Der Mann bewegte sich einem Schatten gleich durch die engen Gassen der Altstadt. Er verschwand hinter einer Ecke, trat durch eine versteckte Tür und huschte eine dunkle Treppe hoch. In jeder Stadt konnte man diskrete Zimmer in unscheinbaren Häusern mieten, man musste nur wissen, mit wem man zu sprechen und wie viel man für Diskretion zu bezahlen hatte.
Er hatte alles genau gehört und eine Idee gehabt. Nun galt es, aus der Idee einen Plan zu schmieden. Er war gut in solchen Dingen.
Mord war sein Geschäft.
Weil er sich darauf verstand.
*
Carolina blickte zur roten Sonne am fernen Horizont und sah über das offene Meer. Wie schön! Eine lebhafte Brise schlug ihr entgegen, Wolken zogen schnell vom Meer auf das Land zu, reflektierten das Licht der tief stehenden Sonne und tauchten den gesamten Golf von Triest in glühend rote Abendstimmung. Was für ein großartiges Naturschauspiel. Sie stand am Ende des Molo San Carlo und war fast versucht, die Arme von sich zu strecken, wie eine Möwe die Brise einzufangen und mit wenigen Flügelschlägen weit hinaus aufs offene Meer zu fliegen. Sie war in Euphorie.
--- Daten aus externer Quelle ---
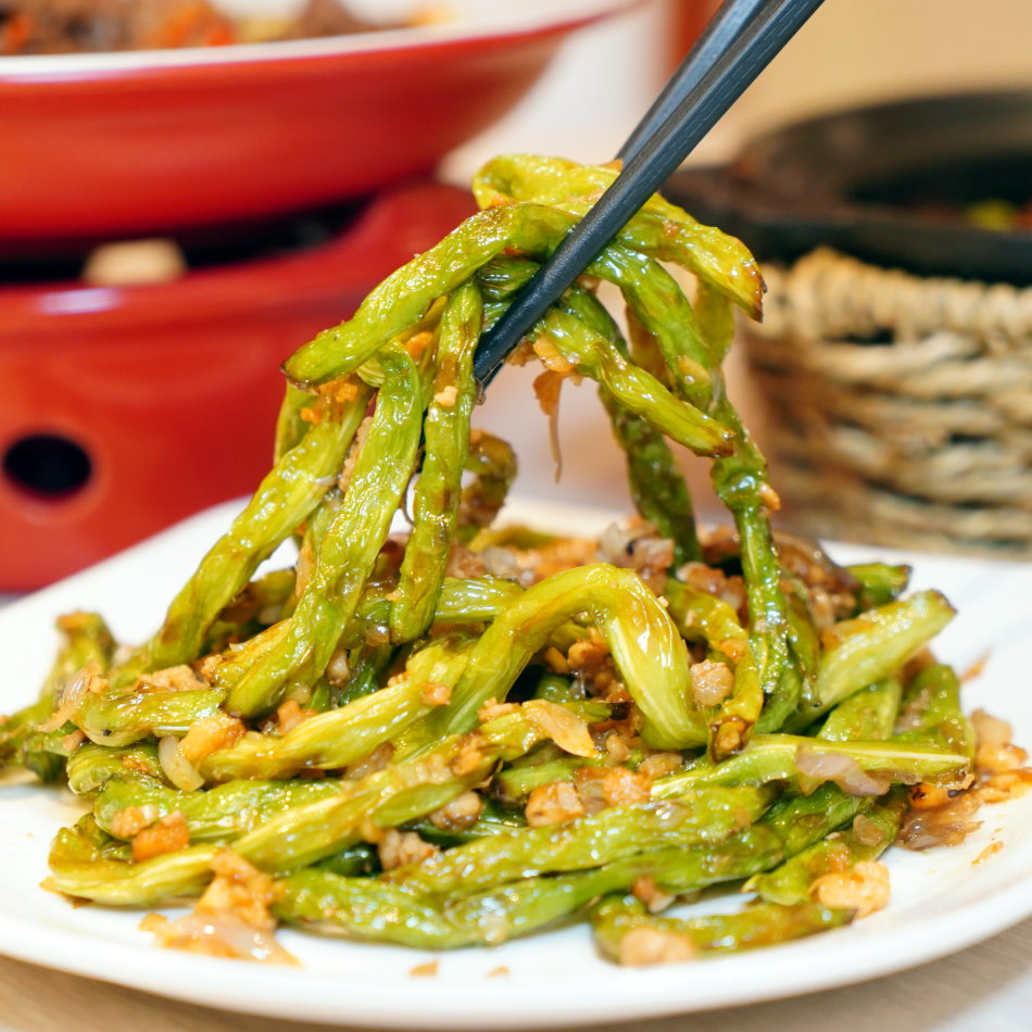 ▼乾煸四季豆,這道菜是不辣的版本,不吃辣的朋友也能多一個選擇,愛吃辣的朋友可以選香煸肉末四季豆,也是非常噴香下飯;吃起來爽脆又帶點微微鹹香,搭配肉末更是層次多元,風味十足。

So schmeckte die Freiheit! Der köstlichste Geschmack der Welt.
Wo war Friedrich?
Carolina wandte sich um und suchte im Gewühl. Auf der rechten Seite des Molo lagen die kleinen Lokaldampfer für den nahen Küstenverkehr, auf der linken Seite die Dampfer des Österreichischen Lloyd, die den adriatischen Schiffsdienst bestritten. Die bedeutendste Schifffahrtsgesellschaft der österreichisch-ungarischen Monarchie bediente nicht nur die Linien in der Adria, sondern dominierte auch den Schiffsverkehr in das östliche Mittelmeer und zum Schwarzen Meer, darüber hinaus verkehrten Überseedampfer auf den Eillinien von Triest nach Indien, China und Japan.
Eben stiegen die Fahrgäste des kleinen Dampfers Metcovich aus und füllten den Molo mit Leben. Wie Carolina sah, kehrte das Schiff von seiner Fahrt aus Venedig zurück. Dienstleute versuchten, das Gepäck der Reisenden zu ergattern, eine Gruppe von Hafenarbeitern machte sich bereit, die Fracht des Dampfers auf zwei bereitstehende Pferdefuhrwerke zu verladen. Die Matrosen an Bord brachten den Kran in Stellung, um die geladenen Holzkisten auf den Molo zu hieven. Rund drei Stunden dauerte die Überfahrt von Triest nach Venedig. Mehrere kleine Dampfer pendelten täglich zwischen den beiden großen Städten der oberen Adria und sorgten für rege wirtschaftliche und kulturelle Kontakte zwischen Österreich-Ungarn und Italien.
Carolina schob sich durch das Gedränge.
Sie schaute an der hohen Eisenwand des Dampfers Gisela empor, der morgen um acht Uhr in Richtung Cattaro ablegen und auf dem Hin- und Rückweg alle großen Hafenstädte der dalmatinischen Küste anlaufen würde. An Bord brannten viele Lichter, so manche Fahrgäste hatten sich schon eingeschifft und schauten von oben herab auf das lebhafte Treiben. Zwei Kinder winkten Carolina. Sie erwiderte den Gruß.
Sie wandte sich ab und suchte wieder nach Friedrich. Da! Zwei Augen blitzten aus der Menge hervor. Sie eilte los, Friedrich griff nach ihren Händen und zog Carolina an sich.